Adobe hat oft gute Ideen, tut sich aber manchmal schwer, sie mit selbsterklärenden Bezeichnungen verständlich zu kommunizieren – die Umbenennung von Lightroom CC in Lightroom Classic CC und das Recycling des eingeführten Namens für ein anderes Produkt ist nur ein Beispiel dafür. Auch bei den Neuerungen im Bereich der Profile in Lightroom und Camera Raw hat Adobe in der Umsetzung einer brillanten Idee ein undurchsichtiges Durcheinander angerichtet: Profil ist nicht gleich Profil.

Mein Kollege Olaf hatte letzte Woche an dieser Stelle erklärt, worin sich Profile in den neuen Versionen von Lightroom und Camera Raw von Vorgaben unterscheiden. Aber die Sache ist noch etwas komplizierter, denn es gibt jetzt zwei Arten von Profilen, mit unterschiedlichen Eigenschaften und für unterschiedliche Zwecke, die man aber auf den ersten Blick gar nicht unterscheiden kann. Es gibt neue, „erweiterte“ Profile neben den alten Profilen, die aber keineswegs veraltet, sondern so wichtig wie eh und je sind, während die neuen Profile zwar ähnliche Eigenschaften wie Vorgaben haben, aber dennoch etwas anderes sind und sich anders verhalten. Ein ziemliches Kuddelmuddel also, wie man hier in Hamburg sagt.


Kameraprofile


Um zu verstehen, was es damit auf sich hat, müssen wir uns in die Zeit zurückversetzen, als noch alle Profile von der gleichen Art waren – also bis vor gut zwei Wochen. Diese Profile wurden mit einem Menü im Bedienfeld »Kalibrierung« ausgewählt, dem letzten der Bedienfelder im »Entwickeln«-Modul. Dass Adobe die Profilauswahl nun ganz nach oben geschoben hat, ist zwar praktisch, aber logisch gehören die Profile weiterhin zur (Kamera-) Kalibrierung – sie dienen dazu, die in den Raw-Daten enthaltenen Werte für Rot, Grün und Blau aus dem idiosynkratischen Farbraum des Sensors in einen standardisierten RGB-Farbraum umzurechnen. Diese Umrechnung, die am Anfang der Raw-Entwicklung steht, ist die Basis für alle weiteren Einstellungen – ohne sie würden die Farben unnatürlich aussehen.

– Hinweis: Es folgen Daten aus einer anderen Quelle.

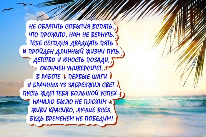 самые лучшие открытки гораздо больше). Следовательно 25 лет Побольше побед тебе!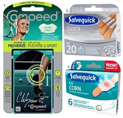 1) plastry na pęcherze na piętę Caroline Woźniacki (Compeed, 22,99 zł/5 szt.) 2) plastry Silver Technology (Salvequick, ok. 7,50 zł/mix. 20 szt.) 3) plastry na odciski (Salvequick, 5,78 zł/6 szt.)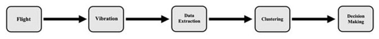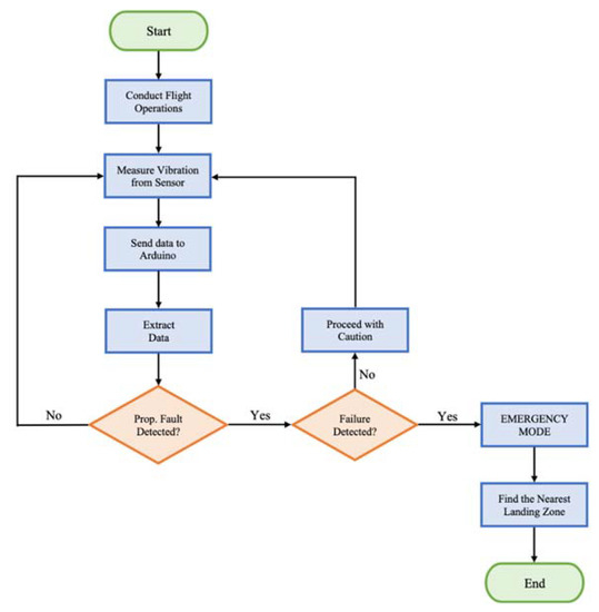 Figure 5 shows the UAV failure detection model flowchart for utilizing the five steps. The vibration measuring process involves the GY-521 sensor measuring in-flight vibration, sending the vibration data to Arduino, and data extraction. The first orange diamond block looks at propeller fault detection, and the second orange diamond looks at failure detection.

Lightroom/ACR: Profil vs. Profil
Mit Adobes DNG Profile Editor können Sie Ihre Kamera selbst profilieren.

Die Bezeichnung für diese Profile ist „DNG Camera Profiles“, woraus sich der Suffix „.dcp“ der Profil-Dateien erklärt. Die Profile sind jeweils für ein bestimmtes Kameramodell oder gar für eine individuelle Kamera gemacht, und ihre Struktur ist durch Adobes DNG-Spezifikation definiert – daher der Name „DNG Camera Profiles“, obwohl sie auf alle Raw-Dateien und nicht nur solche im DNG-Format anwendbar sind.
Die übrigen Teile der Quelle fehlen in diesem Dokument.